White House Economic Adviser Larry Kudlow Says Unemployment Numbers Will Continue to Get Worse

Director of the National Economic Council Larry Kudlow said on Friday that unemployment numbers would continue to get worse as the U.S. reported its highest unemployment numbers since the Great Depression.

"The economic and jobs numbers are going to continue to deteriorate," Kudlow said during an interview with Fox Business.

Kudlow was addressing the latest unemployment numbers for April released Friday morning by the Bureau of Labor Statistics. About 20.5 million Americans lost their jobs last month, the BLS said in its report. The number stands in sharp contrast to the Great Recession of 2008, when from January 2008 to February 2010, 8.8 million people lost their jobs.

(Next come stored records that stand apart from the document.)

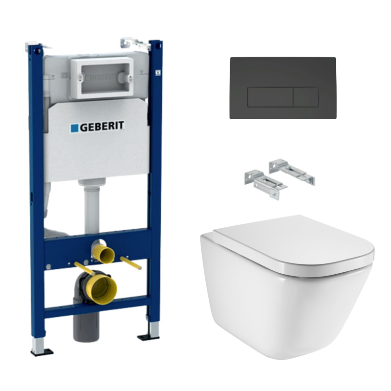 BASTIDOR GEBERIT PACK CISTERNA EMPOTRADA Y PULSADOR DELTA 50 NEGRO BR CON INODORO SUSPENDIDO ROCA THE GAP CON SISTEMA RIMLESS
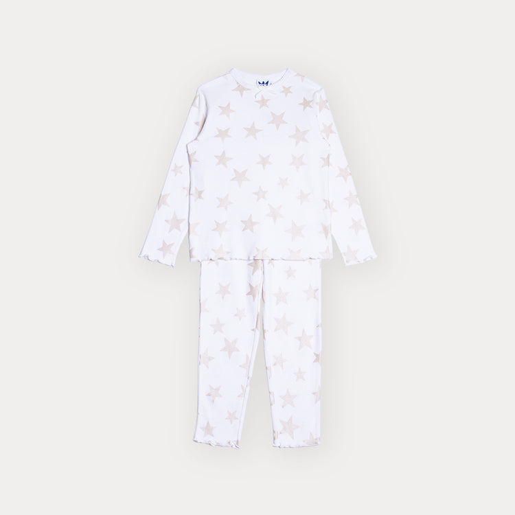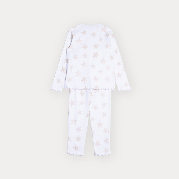 Pijama De Algodón Blanco Con Estampado De Estrellas Metálicas Para Niña
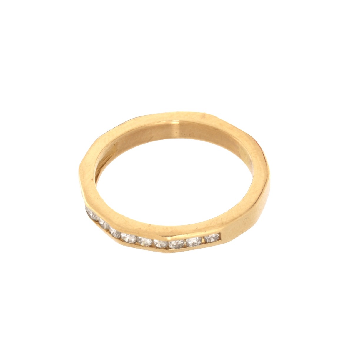 Approx. .50 Carat TW Twelve Channel Set Round Brilliant Cut Diamond and 14 Karat Yellow Gold Band / Ring. Diamonds F-G color, VS1-VS2 clarity. Stamped 14K. Ring size 6. Approx. weight: 2.9 grams. Condition: Very good condition. Estimate: $100.00 - $200.00 Domestic Shipping: $28.00
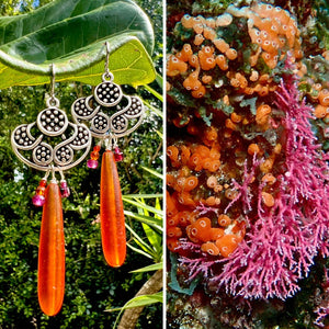 The elongated recycled glass beads, in warm orange, echo the upright tubular bodies of the ascidians.Tiny carnelians, tourmaline, and garnet, their brilliance recalling the flashes of pigment that catch the eye when snorkelling across such assemblages, complete the feel-good stone assemblage.
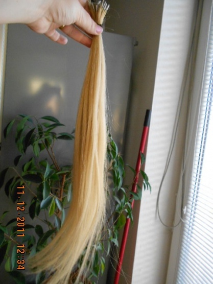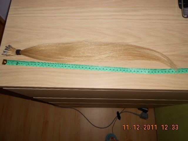 Prodám blond vlasy k prodloužení, nachystané na metodu bond plus (prameny zakončené do plíšků). Vlasy jsou kupovaní v Hairdreams, kde zpracovávají kvalitní indické vlasy. Nošené byly cca 1 měsíc. Vlasy jsou krásně pevné a lesklé. Je možno je obarvit na svůj odstín. Délka pramenů je cca 50cm a pramínků mám 48.
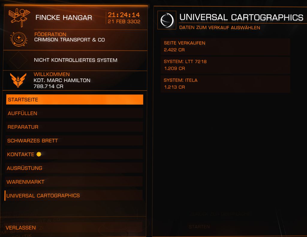 - und auch das Zwischenstop-System gescannt, in dem ich ein paar Waren verkaufen und kaufen und auftanken wollte.
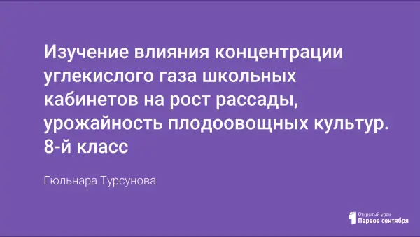 Цель исследования: изучение влияния концентрации углекислого газа школьных кабинетов на рост рассады, урожайность плодоовощных культур: огурцов и томатов.
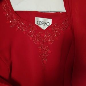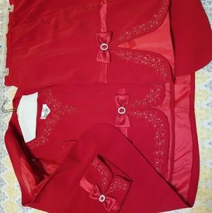 Red with silk trimming. "Skirt is a size smaller than Coat and Vest. " Its Altered''
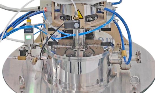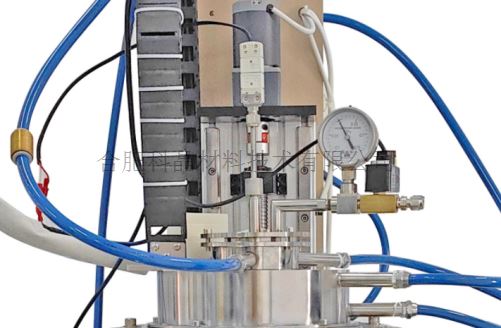 | 爐管與法蘭 | ·爐管材質(zhì):剛玉管 ·爐管尺寸:φ60*500mm ·一對不銹鋼水冷法蘭安裝在爐管兩端,同時上下法蘭外安裝了水冷環(huán),利用冷卻水降低法蘭溫度。 下法蘭上含有氣管接口,利用氣壓控制氣缸對下法蘭進(jìn)行自動壓緊和松開; ·上法蘭上的一個φ6.35mm的卡套接頭作為出氣口,一個電磁閥自動控制出氣的通斷; 安裝了一個量程為-0.1-0.15MPa的機(jī)械壓力表; 一個鎧裝接口用于插入測溫?zé)犭娕?,測量坩堝內(nèi)樣品溫度,熱電偶為雙鉑佬B型熱電偶; 上法蘭內(nèi)部焊接了吊環(huán),懸掛了一個多層陶瓷擋板,用于隔絕熱輻射; ·下法蘭與底部的不銹鋼腔體連接,腔體上含有一個CF法蘭,法蘭上的KF40接口為抽真空接口; 兩個φ6.35mm的卡套接頭為進(jìn)氣口,分別通過一個電磁閥控制進(jìn)氣的通斷; 一個KF16接口上安裝了一個數(shù)顯壓力表; 安裝了一個安全泄壓閥,當(dāng)腔室內(nèi)壓力達(dá)到上限壓力時,安全閥自動打開排氣; 一個KF40接口安裝了一個信號模塊,用于連接天平的外接信號線; 腔體內(nèi)部的稱重傳感器頂部預(yù)留有安裝孔,用于安裝坩堝支撐桿,支撐桿上安裝有坩堝支撐平臺,平臺上放入樣品坩堝。 |
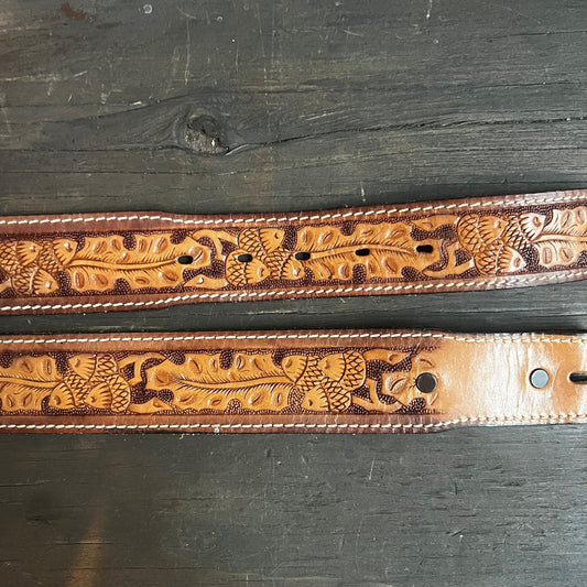 Tony Lama Tooled Leather Belt with Geometric Buckle
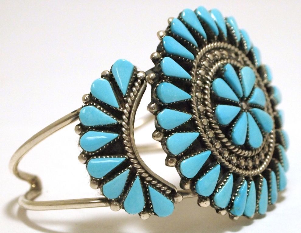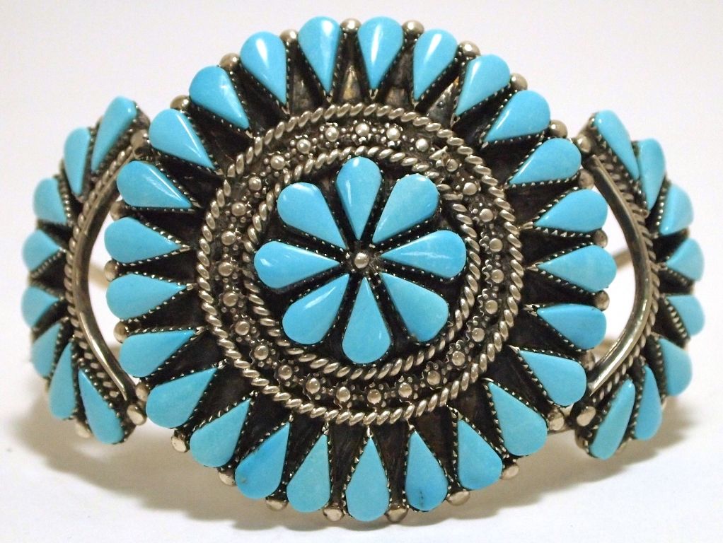 Zuni Turquoise Sterling Silver Cuff Bracelet - Augustine Pinto
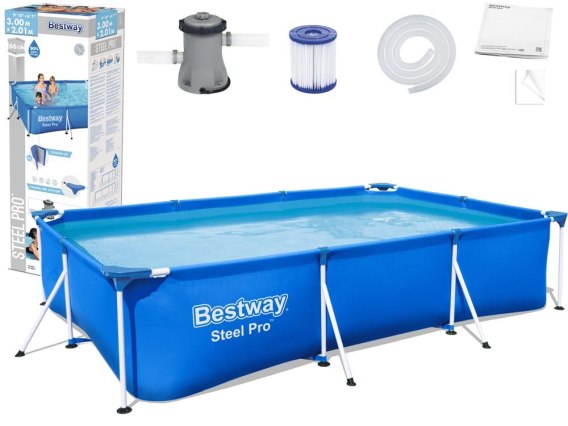 Potrzebujesz czasami ochłody w upalny dzień a nie masz czasu iść na basen miejski lub jechać nad wodę? Dlatego przedstawiamy ten rewelacyjny stelażowy basen przeznaczony do relaksu w upalne dni dla całej rodziny. Rozłożysz go bardzo szybko, napełnisz wodą i relaks gotowy. Duży, prostokątny basen o wymiarach 300 x 201 x 66cm i pojemności 3,300l wody pomieści wszystkie dzieci potrzebujące ochłody. Dla szybkiego spuszczenia wody służą specjalne zawory. O filtrację wody zadba pompa o wydajności 1,249l/h. Produkt wykonano z materiału DuraPlus- jest to materiał z rdzeniem z siatki poliestrowej połączony z dwiema warstwami grubego PVC. Gwarantuje to dużą wytrzymałość i trwałość.
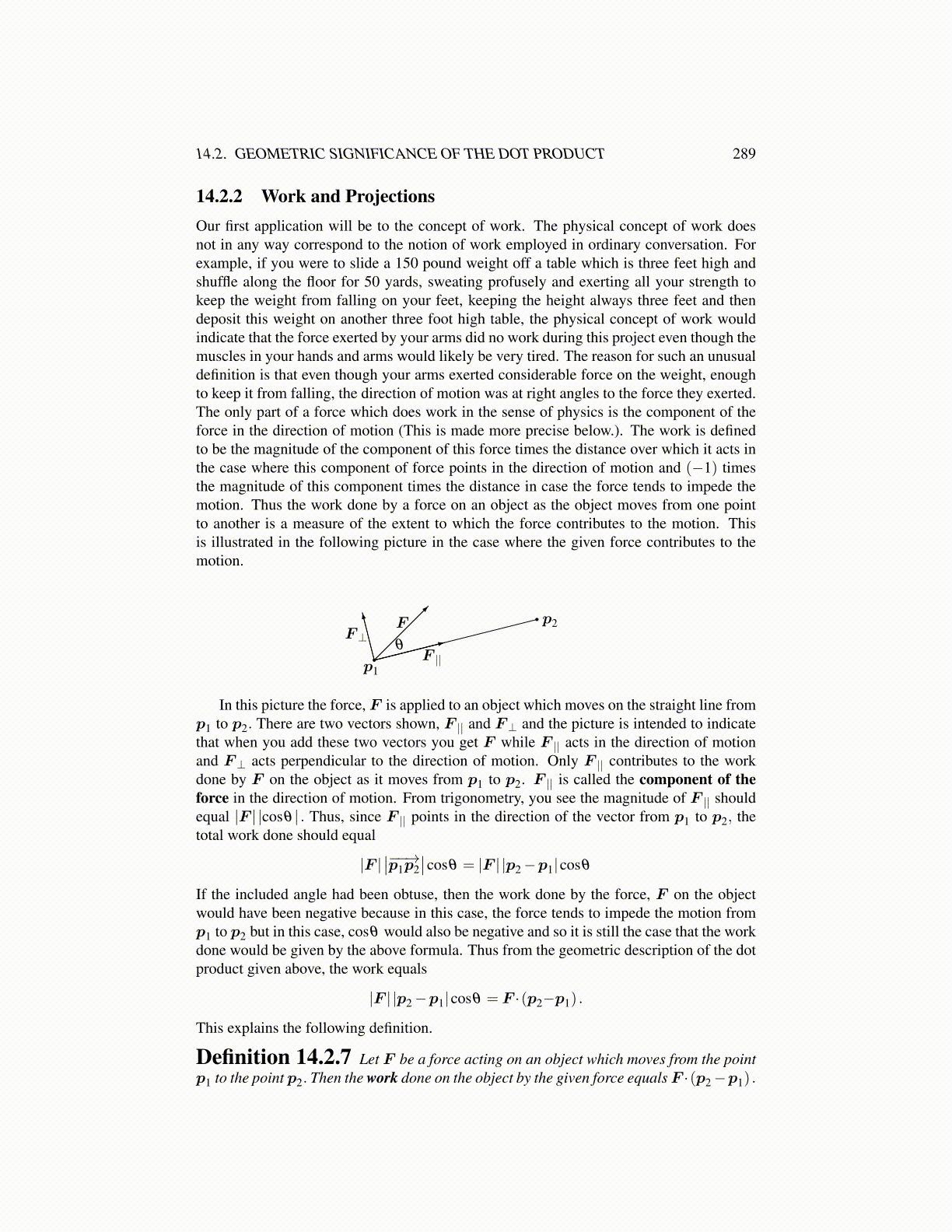 Definition 14.2.7 Let F be a force acting on an object which moves from the pointp1 to the point p2. Then the work done on the object by the given force equals F ·(p2 −p1) .

"I don't know if it's as bad as it gets," Kudlow said. "I don't think this pandemic contraction has yet fully run its course."

Larry Kudlow
Larry Kudlow looks on during a meeting at the White House on April 28. Kudlow told Fox Business, "I don't think this pandemic contraction has yet fully run its course." MANDEL NGAN/AFP via Getty Images

The April report has been widely anticipated as weekly unemployment rates have continued to hold steady, with the BLS reporting millions of job losses each Thursday. Also, the difficulties Americans have reported in filing for unemployment since the pandemic began have many economic experts concerned that the real number of job losses dwarf those already reported. "Regarding the next month or two, which are really going to transition into the reopening of the economy, who's to say the numbers will not get worse?" Kudlow said.

Even so, Kudlow said there was promise ahead as states that have successfully flattened the curve of the virus' spread begin to reopen their economies. For the employers able to return to work and rehire their workers, improvements from the current financial reality are possible. "If you take a look at what the Congressional Budget Office is saying and what most private forecasters are saying, you see a very significant transitional rebound in the third and fourth quarters—very significant growth rates coming off that low and difficult base," Kudlow said.

According to a Congressional Budget Office report on April 24, officials predicted the unemployment rate would continue to grow into the third quarter, reaching an estimated 16 percent before declining to an estimated 11.7 percent by the fourth quarter of 2020.

Despite the historic unemployment numbers reported thus far and predictions of further declines on the way, Kudlow credited President Donald Trump with providing a "rescue cushion" to workers during the early days of the shutdown and said Trump had plans involving tax cuts, lowered regulations and improved trade deals to help the economy rebound. "With appropriate policies, we can make 2021 an absolutely roaring recovery," Kudlow said. "We will see very positive numbers in the second half of this year."